Personal fouls (PF) include slashing, tripping, illegal body checking, cross checking, unsportsmanlike conduct, unnecessary roughness, and equipment violations. While a stick-check (where a player makes contact with the opposition player's stick in order to knock the ball loose) is legal, a slashing violation is called when a player viciously makes contact with an opposing player or his stick. An illegal body check penalty is called for any contact where the ball is further than 5 yards (4.6 m) for high school and 3 yards (2.7 m) [37] for youth from the contact, the check is from behind, above the shoulders or below the knees, or was avoidable after the player has released the ball. Cross checking, where a player uses the shaft of his stick to push the opposition player off balance, is illegal in field lacrosse. Both unsportsmanlike conduct and unnecessary roughness are subject to the officiating crew's discretion, while equipment violations are governed strictly by regulations. [30] Any deliberate intent to injure opponents risks immediate disqualification. The substitute must serve out the 1 minute.

Technical fouls

Technical fouls include holding, interference, pushing, illegal offensive screening (usually referred to as a "moving pick"), "warding off", stalling, and off-sides. A screen, as employed in basketball strategy, is a blocking move by an offensive player, by standing beside or behind a defender, to free a teammate to shoot, or receive a pass; as in basketball players must remain stationary when screening. Warding off occurs when an offensive player uses his free hand to control the stick of an opposing player.

Offside has a unique implementation in field lacrosse. [38] Instituted with rule changes in 1921, it limits the number of players that are allowed on either side of the midfield line. [14] Offside occurs when there are fewer than three players on the offensive side of the midfield line or when there are fewer than four players on the defensive half of the midfield line (note: if players are exiting through the special-substitution area, it is not to be determined an offside violation). [25]

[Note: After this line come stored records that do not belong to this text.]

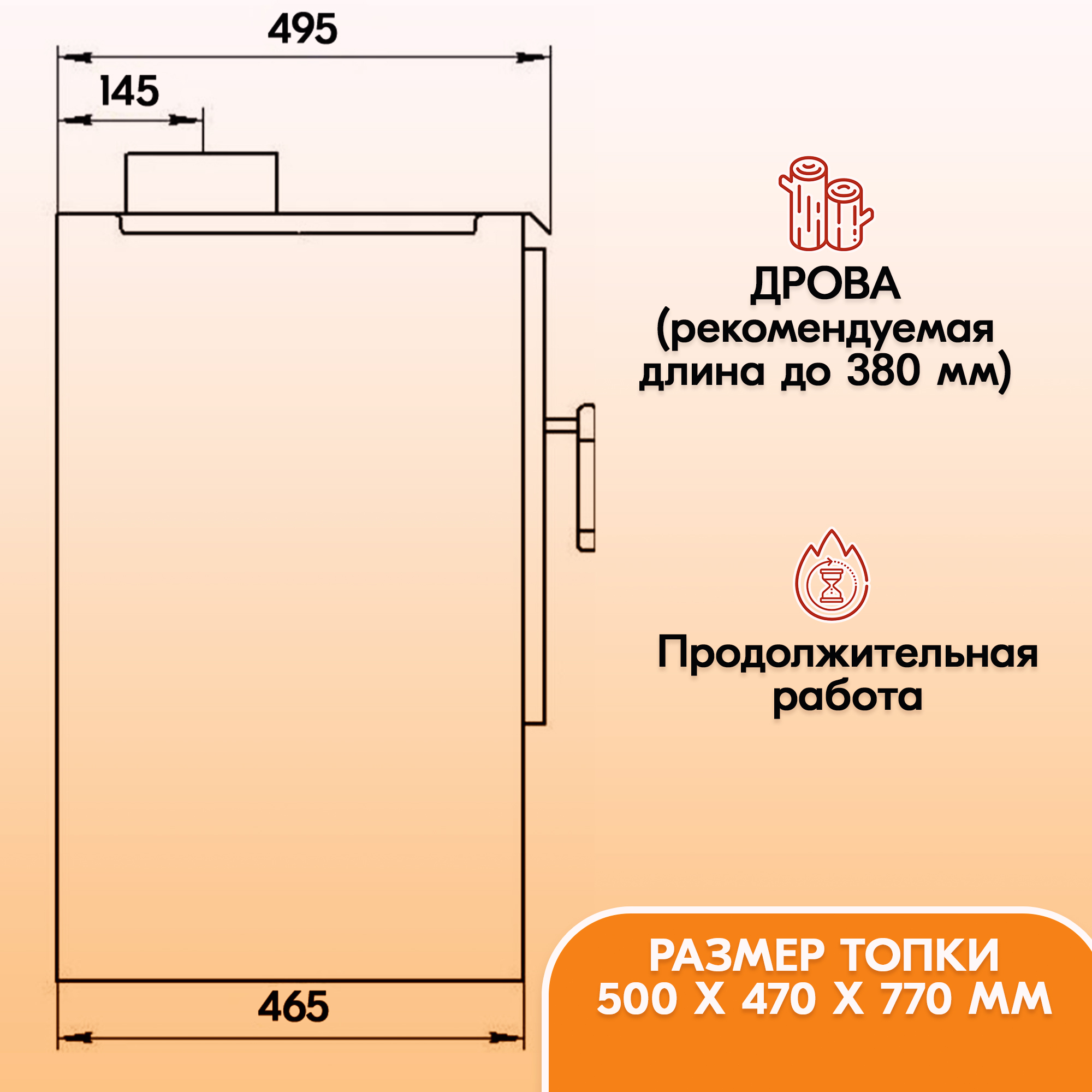 Боковые стенки металлической печи на дровах представляют собой конвекторы.
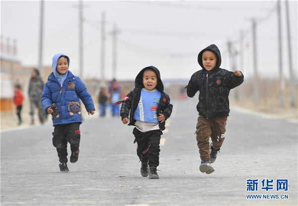 11月18日,幼兒園大班的小朋友放學后走在于田縣達里雅布依鄉(xiāng)易地扶貧搬遷安置點的硬化道路上。新華社記者胡虎虎攝
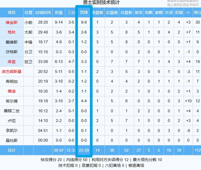 本場(chǎng)比賽,勇士罰球29中22,命中率達(dá)到了76%,比自己的賽季平均水平高了6個(gè)點(diǎn),其中維金斯9罰全中!
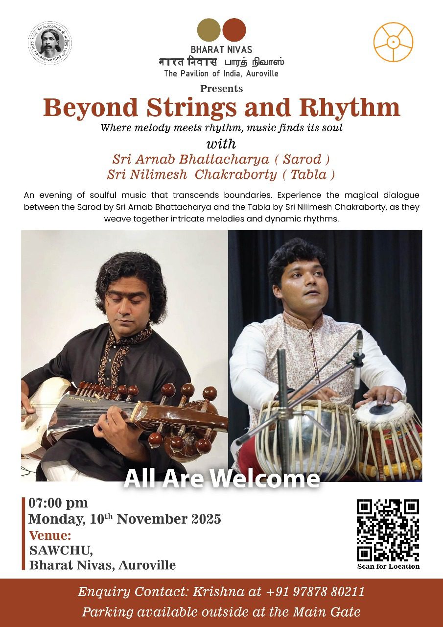 An evening of soulful music that transcends boundaries. Experience the magical dialogue between the Sarod by Sri Arnab Bhattacharya and the Tabla by Sri Nilimesh Chakraborty, as they weave together intricate melodies and dynamic rhythms.
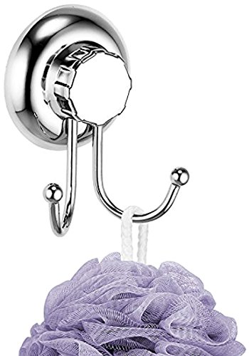 MaxHold Suction Cup Double Robe Hooks - Vaccum System - Stainless Steel Never Rust - for Bathroom and Kitchen Storage
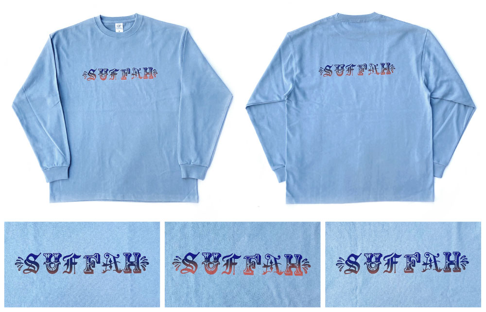 厚手の9.1ozのベースに定番のロゴが手刷りプリントのグラデーション仕様でフロントとバックに入ります。プリント内にはバイブスストーンの粉が練り込まれていてるリカバリーウエアの仕様にもなっています。プリントのグラデーション感は手摺りのため一つ一つ質感が変わりますので同じものは2つと無い仕様になっています。
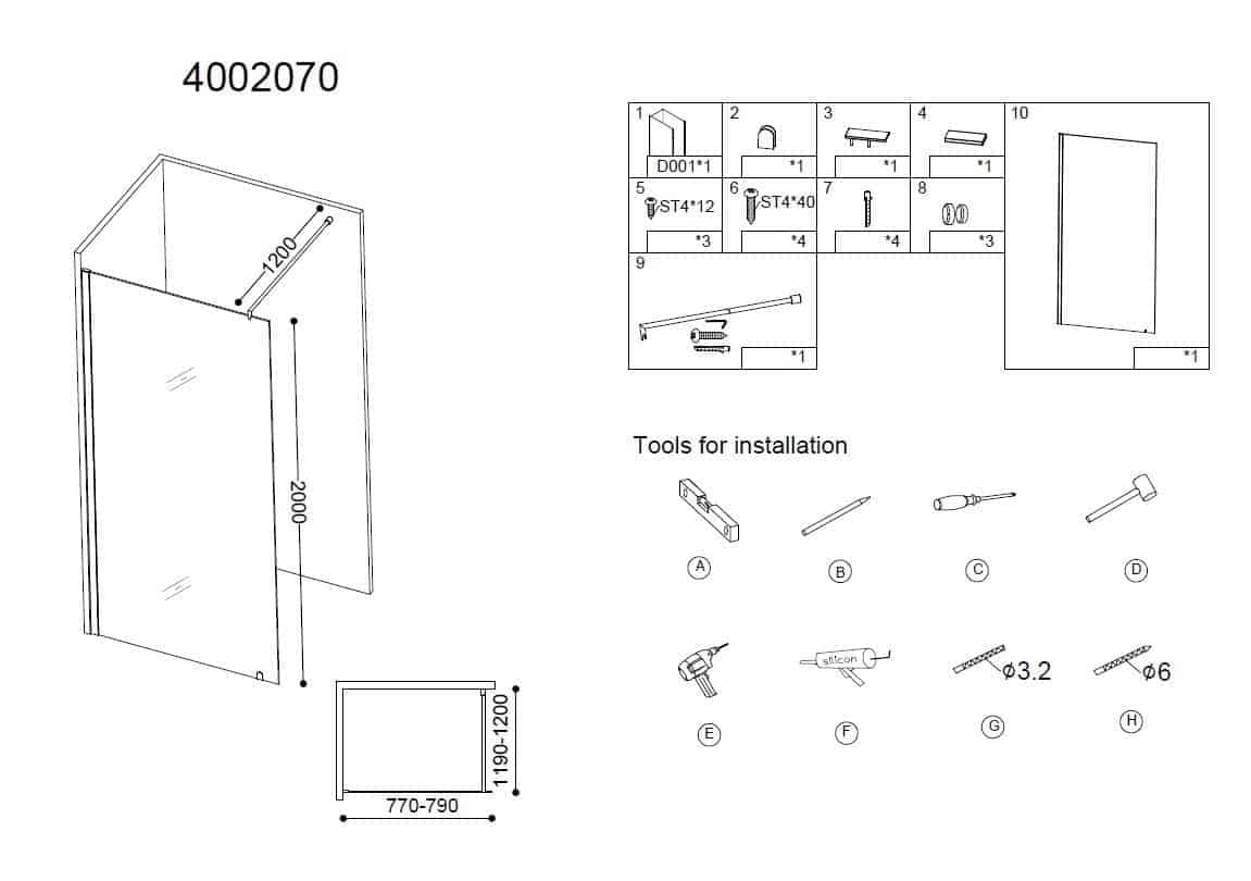 Inloopdouche, douchewand, douchewand met muurprofiel
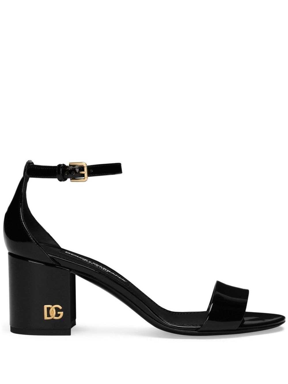 60mm Keira sandals Highlights - Black - Calf leather - Patent finish - Gold-tone logo plaque - Gold-tone hardware - Almond open toe - Single toe strap - Buckle-fastening ankle strap - Branded leather insole - Block heel - Leather sole Made in Italy Composition Lining: Goat Skin 76%, Calf Leather 24% Outer: Calf Leather 100% Sole: Leather 100%
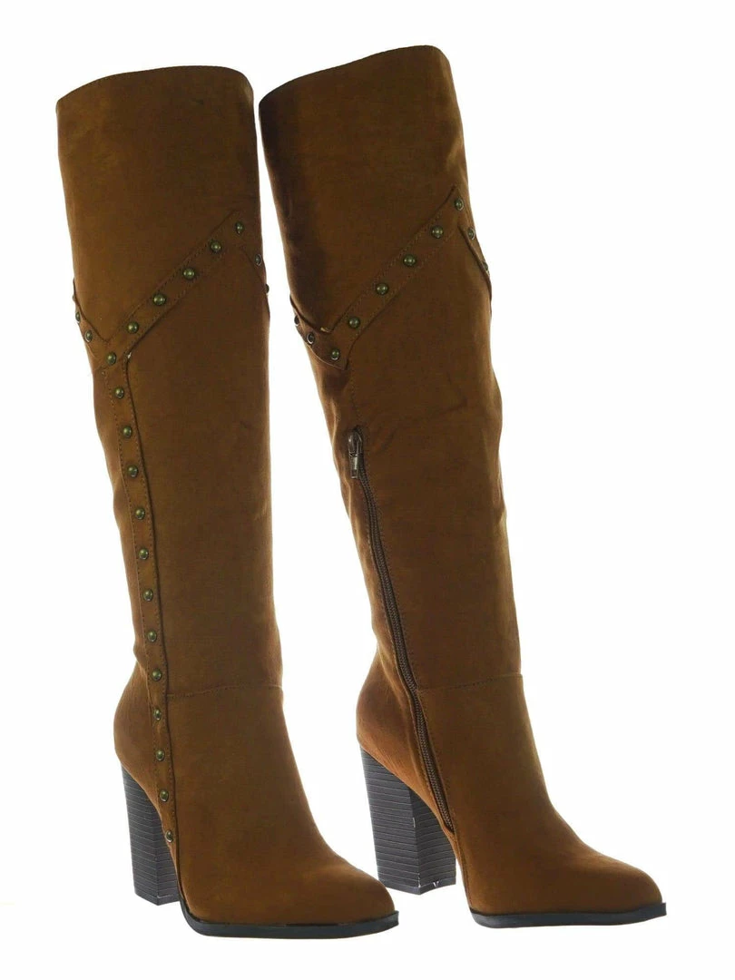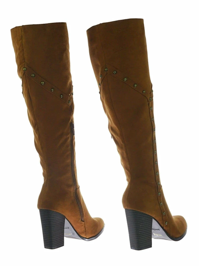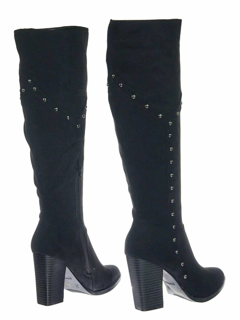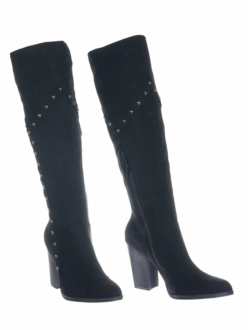 Be the first to review “Bamboo New Showcase06 Faux Fur Lining Antique Metal Stud Detail, Knee High Stack Block Heel” Cancel reply

A technical foul requires that the defenseman who fouled a player on the opposing team be placed in the penalty box for 30 seconds. As with a personal foul, until the penalty time expires, no replacement for the player is allowed and the team must play one man short. The player (or a replacement) is allowed to reenter the game once the time in the penalty box is over and the team is thus once again at full strength.

Domestic competition

College lacrosse, a spring sport in the United States, saw its earliest program established by New York University in 1877. [39] The first intercollegiate tournament was held in 1881 featuring four teams: New York University, Princeton University, Columbia University, and Harvard University. This tournament was won by Harvard. [7] [40] The United States Intercollegiate Lacrosse Association (USILA) was created in 1885, and awarded the inaugural Wingate Memorial Trophy to the University of Maryland as national champions in 1936. The award was presented to the team (or teams) with the best record until the National Collegiate Athletic Association (NCAA) instituted a playoff system in 1971. [41] [42] The NCAA sponsored its premier Men's Lacrosse Championship with the 1971 tournament where Cornell University defeated University of Maryland in the final. [43] In addition to the three divisions in the NCAA, college lacrosse in the United States is played by non-varsity Men's Collegiate Lacrosse Association and National College Lacrosse League club teams. [44] [45] [46]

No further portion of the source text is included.